Housing and Real Estate
Homeownership rate and rental share
- Hancock County’s housing tenure typically shows a majority owner-occupied share, with a meaningful rental segment concentrated in Sparta and near major road corridors. The most recent owner/renter percentages are published in ACS tenure tables via data.census.gov (Housing Tenure).
Median property values and recent trends
- The median home value in Hancock County is generally below the Georgia median, reflecting rural market conditions, older housing stock, and lower incomes. Recent years have followed the broader pattern of price appreciation since 2020, though absolute values remain comparatively lower than metro areas.

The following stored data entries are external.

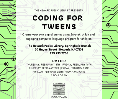 Join us at The Newark Public Library’s Springfield Branch for Coding for Tweens!
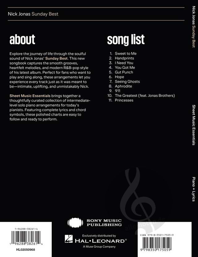 Spielen Sie den gefühlvollen Sound von Nick Jonas' "Sunday Best" mit diesem passenden Songbook. Es enthält ausdrucksstarke Klavierarrangements aller 11 Titel mit vollständigen Texten und Akkordsymbolen, die die sanften Grooves, die gefühlvollen Melodien und den modernen R&B-Pop-Stil des Albums einfangen. Perfekt für Fans, die mitspielen und mitsingen wollen. Diese Arrangements lassen Sie jeden Titel so erleben, wie er gehört werden sollte–intim, erhebend und unverwechselbar Nick.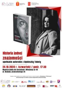 Wypożyczalnia dla Dorosłych i Młodzieży nr 44, mieszcząca się przy ul. Nowaka-Jeziorańskiego 24 zaprasza 24 października 2024 r. o godz. 17:30 na spotkanie z Agnieszką Tobotą, autorką książki „Historia jednej znajomości”. Wstęp wolny.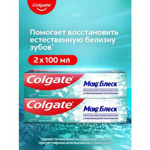 НАЙТИ ВЫГОДНЕЕ - Зубная паста Colgate Макс Блеск Кристальная мята с отбеливающими пластинками, 100 мл (2 шт)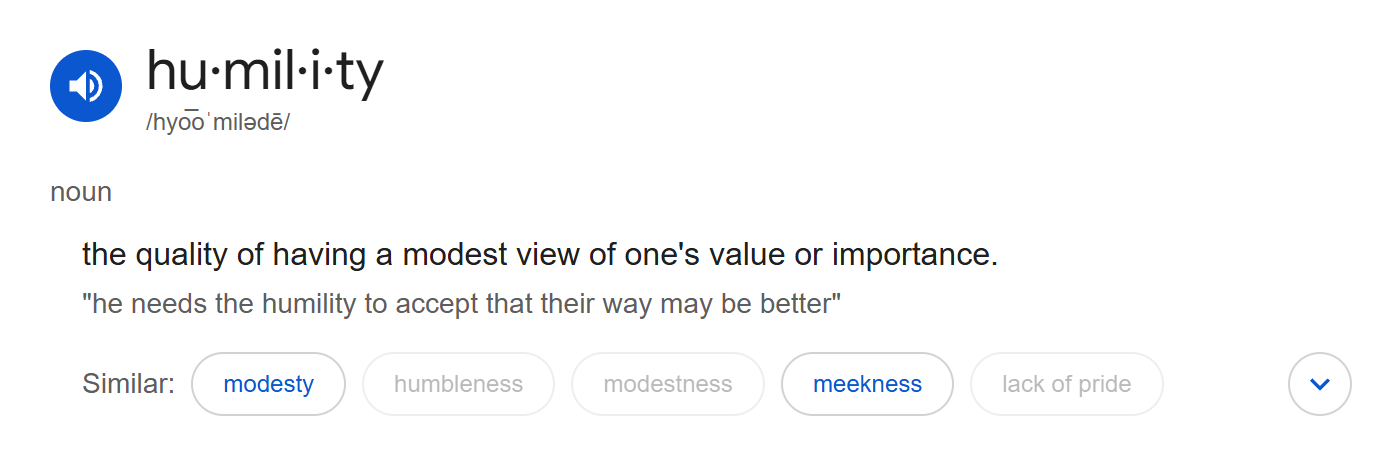 Modesty is another term conflated with humility. Modesty is the outward behavior, while humility is the internal attitude.

- The definitive current median value and trend line are available in ACS “Value” tables and can be cross-checked against assessed values from the county tax assessor. Reference: ACS home value tables on data.census.gov.
Typical rent prices
- Gross rent levels are generally below the Georgia median, with rentals concentrated in small multifamily properties, single-family rentals, and mobile homes. Current median gross rent is published in ACS rent tables: data.census.gov (Gross Rent).
Types of housing
- The county’s housing stock is dominated by:
- Single-family detached homes (many on larger lots)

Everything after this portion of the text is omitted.